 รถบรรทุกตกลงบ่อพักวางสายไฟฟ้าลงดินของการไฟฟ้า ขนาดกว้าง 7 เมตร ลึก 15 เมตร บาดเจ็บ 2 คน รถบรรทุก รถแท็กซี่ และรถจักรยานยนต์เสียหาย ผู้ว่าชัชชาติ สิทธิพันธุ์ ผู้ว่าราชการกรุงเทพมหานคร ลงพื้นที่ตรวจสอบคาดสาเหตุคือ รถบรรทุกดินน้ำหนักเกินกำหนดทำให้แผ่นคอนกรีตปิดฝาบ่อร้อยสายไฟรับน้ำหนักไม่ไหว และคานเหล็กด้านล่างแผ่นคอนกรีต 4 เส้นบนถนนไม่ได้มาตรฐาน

--

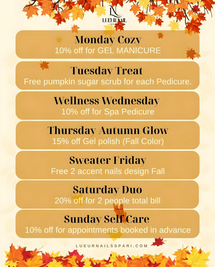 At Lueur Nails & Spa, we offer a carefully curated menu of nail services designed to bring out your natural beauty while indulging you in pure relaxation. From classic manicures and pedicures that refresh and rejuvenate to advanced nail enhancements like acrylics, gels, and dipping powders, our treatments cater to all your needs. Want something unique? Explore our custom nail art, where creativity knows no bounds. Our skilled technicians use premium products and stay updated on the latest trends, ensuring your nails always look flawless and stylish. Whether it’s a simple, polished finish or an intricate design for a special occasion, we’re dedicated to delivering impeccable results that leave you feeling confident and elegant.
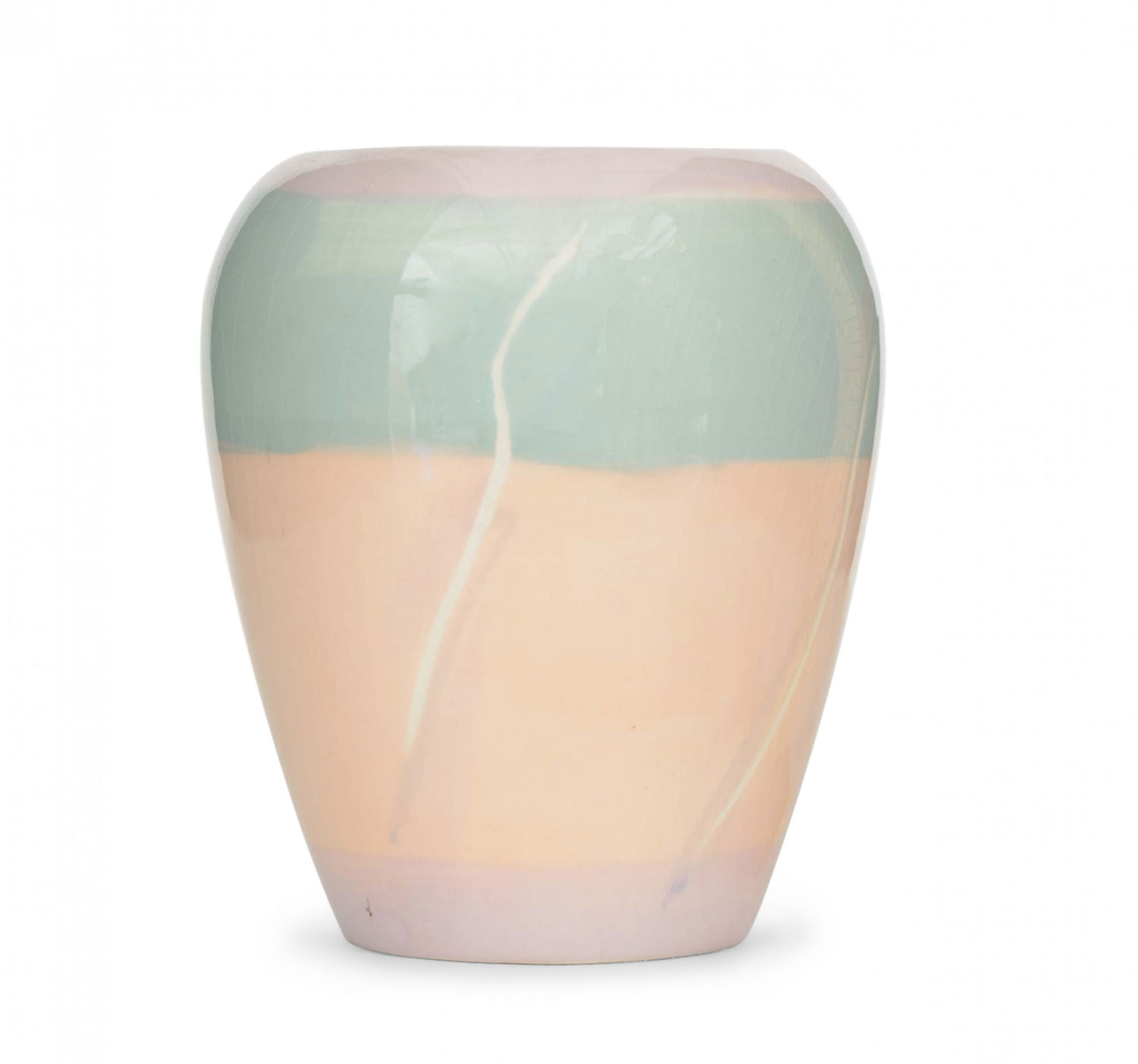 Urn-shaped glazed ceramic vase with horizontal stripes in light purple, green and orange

- **Task**
Starting at the line above that contains "At Lueur Nails", transcribe every line exactly through the line that contains "Urn-shaped glazed ceramic", including that last one, and skip the pictures.

- **Finished task**
 At Lueur Nails & Spa, we offer a carefully curated menu of nail services designed to bring out your natural beauty while indulging you in pure relaxation. From classic manicures and pedicures that refresh and rejuvenate to advanced nail enhancements like acrylics, gels, and dipping powders, our treatments cater to all your needs. Want something unique? Explore our custom nail art, where creativity knows no bounds. Our skilled technicians use premium products and stay updated on the latest trends, ensuring your nails always look flawless and stylish. Whether it’s a simple, polished finish or an intricate design for a special occasion, we’re dedicated to delivering impeccable results that leave you feeling confident and elegant.
 Urn-shaped glazed ceramic vase with horizontal stripes in light purple, green and orange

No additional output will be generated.